StarKist says to stay competitive they must follow market trend
Senior Manager of Seafood Procurement for Star Kist Co., Mr. Justin Yu has responded to a letter from the Tautai o Samoa Longline and Fishing Association who, earlier this month, wrote to Yu informing him that “it has become financially unfeasible to continue operations at this time, considering the continuous decline in albacore prices, the current low catch rate, the increasing cost of fuel, bait, and other operating costs.”
The local longline fleet owners and operators residing in American Samoa also voiced the same concerns to Governor Lolo Matalasi Moliga in a separate letter.
In response, Yu explained that StarKist has been doing its best to secure the best prices as compared to other markets. He told the local boat owners that StarKist is fully aware of the difficulties with the current poor catch numbers in the off-season and the low prices on fish, which have resulted in the local fishing vessels being tied up. He noted this is not a new situation — “as done before”.
The local fishing fleet says that while they understand StarKist’s situation with regards to the current global market situation, they are left with no other alternative but to hold vessels currently in port as well as other vessels at sea, once their current trip is completed, until the albacore price rises to the point where the boats can be profitable again.
The price of albacore has dropped by almost $1,000 per metric ton and considering all other factors involved, it is impossible to make a profit, let alone break even, according to the fleet owners.
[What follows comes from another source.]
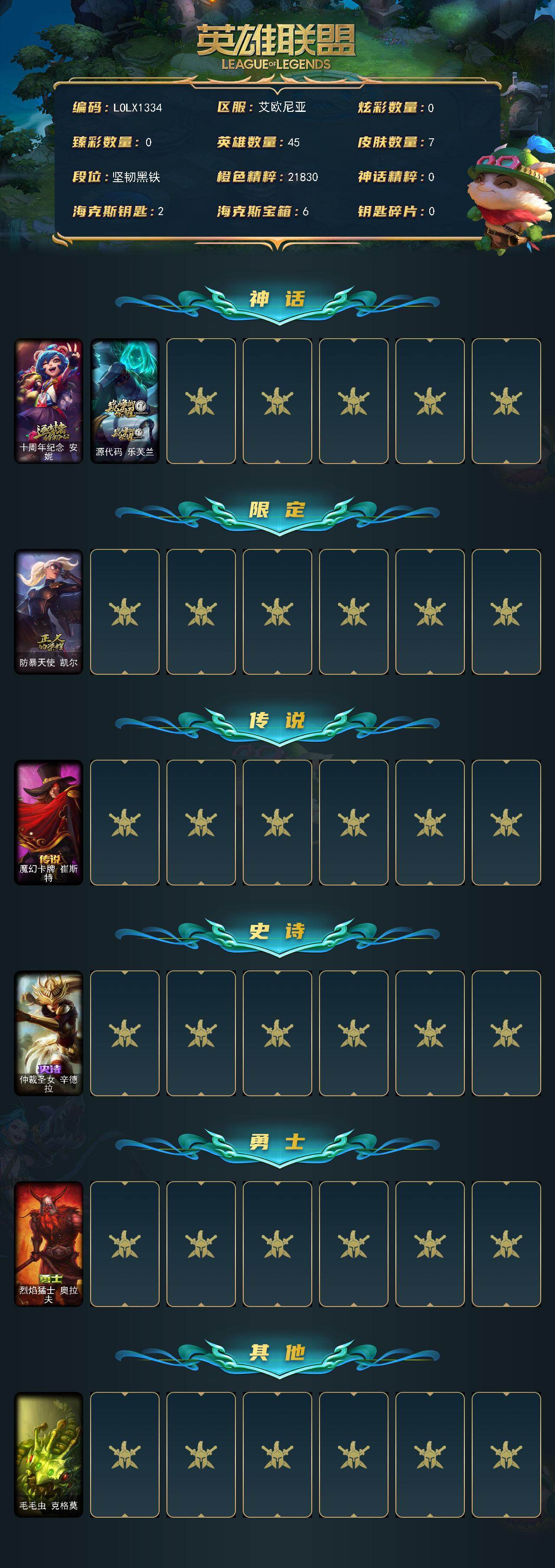 【C26906859】【LOLX1334】45英雄/7皮肤/2神话/1限定/1传说/1史诗/未定级/十周年纪念安妮/源代码乐芙兰/防暴天使凯尔/魔幻卡牌崔斯特/仲裁圣女辛德拉/烈焰猛士奥拉夫/毛毛虫克格莫

The Association thanked Yu for his efforts with the price increases for yellowfin, bigeye and skipjack, but added that "this is far from sufficient to cover operation costs." Yu referred to their February Price Announcement and said StarKist is faced with difficulties as far as securing their competitiveness due to the continuous down-trend of fish prices and high inventory numbers.
“We understand that this is natural, considering market movement following the principle of supply and demand; however, for securing competitiveness in this business, we have to follow the market trend,” Yu wrote to the Association.
Yu is optimistic that the situation will improve for the local longliners and fishing fleet, as well as StarKist, saying that the two have gone through valuable experiences and have overcome these kinds of difficult situations and “we can overcome again.”
In their letter to Yu last month, the Association requested a review and further reconsideration on fish prices, saying they will continue to seek StartKist's position on a separate price classification for fish caught by US- flagged vessels required for US military and other US federally funded programs.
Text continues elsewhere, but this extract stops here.